A Dyck path of order $$n$$ can be thought of as a sequence of $$n$$ $$0$$'s and $$n$$ $$1$$'s such that in any initial segment, the $$1$$'s do not outnumber the $$0$$'s. A peak is a $$0$$ which is immediately followed by a $$1$$. It can be shown that the number of Dyck paths of order $$n$$ with exactly $$k$$ peaks is counted by the Narayana numbers, $$N(n,k) = \frac1n\binom{n}k\binom{n}{k-1}.$$ Using the above formula, it is easy to show that the Narayana numbers are symmetric in $$k$$, in the sense that $$N(n,k)=N(n,n+1-k)$$. However, the corresponding symmetry between Dyck paths with $$k$$ peaks and Dyck paths with $$n+1-k$$ peaks is not so clear (to me).

What is a bijection between Dyck paths of order $$n$$ with $$k$$ peaks and Dyck paths of order $$n$$ with $$n+1-k$$ peaks?

A picture will help to visualize the bijection described in this post : please take your pencil.

First, the setting : it will be easier to view Dyck paths as (ordered rooted) trees, using the traditional device of the contour function (I put a ref below). A peak is then a leaf of the tree (a vertex without children). Also, Dyck paths being of length 2𝑛, the trees will have n edges, so that the minimal number of leaves will be 1 and the maximal number will be 𝑛. Call brothers of a vertex the children of the same father (by convention, we discard the vertex itself).

Your claim is that, among trees on $$n$$ edges, there is as many with $$k$$ leaves as with $$n+1-k$$ leaves.

The bijection goes as follows : to a (rooted) tree on $$n$$ edges, we will associate another (rooted) tree with $$n$$ edges, by keeping the same vertex set (also the same root) and changing the edge set. To that end, it is enough to define the father of every vertex distinct from the root in the new tree, let's call it the new father.

Consider a vertex distinct from the root and look for the most recent ancestor of that vertex that has a brother to its right : this will the vertex itself if it has a brother to its right, or the father of this vertex if the vertex itself has no brother to its right but its father has, and so on...

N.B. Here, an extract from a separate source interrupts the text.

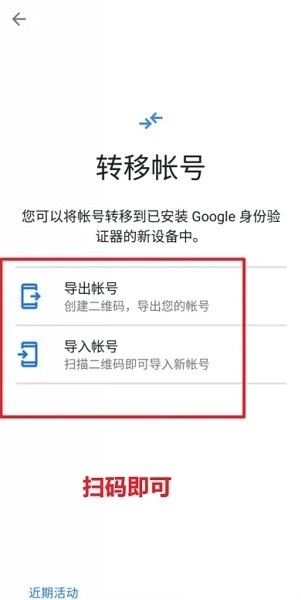 要是您更换了手机,能够借助扫码的方式迁移谷歌身份验证器的数据。
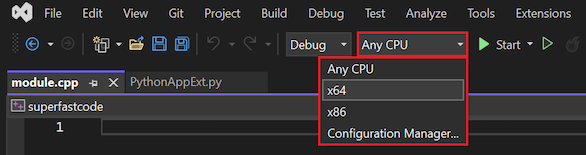 - For the C++ project (superfastcode or superfastcode2), change the target configuration to match your Python installation. For example, if your C++ project target configuration is Win32, but your Python installation is 64-bit, change the C++ project target configuration to x64.

• In case there is such an ancestor : the new father is the brother immediately to the right of that ancestor.

• In case there is no such ancestor : the new father is the root of the tree.

The converse map is obtained by replacing the word "right" by the word "left" in the above description.

I'll let you check this works with respect to the property you have in mind for the leaves : a possible proof is by recurrence on the number of leaves (it is easy to see it works for one leave, then one looks at the shape of trees with two leaves, and from there, the idea os the recurrence should be quite clear)

(This is closely related, but in a subtle way distinct from what is called rotation bijection in computer science, see Flajolet and Sedgewick on p.73.)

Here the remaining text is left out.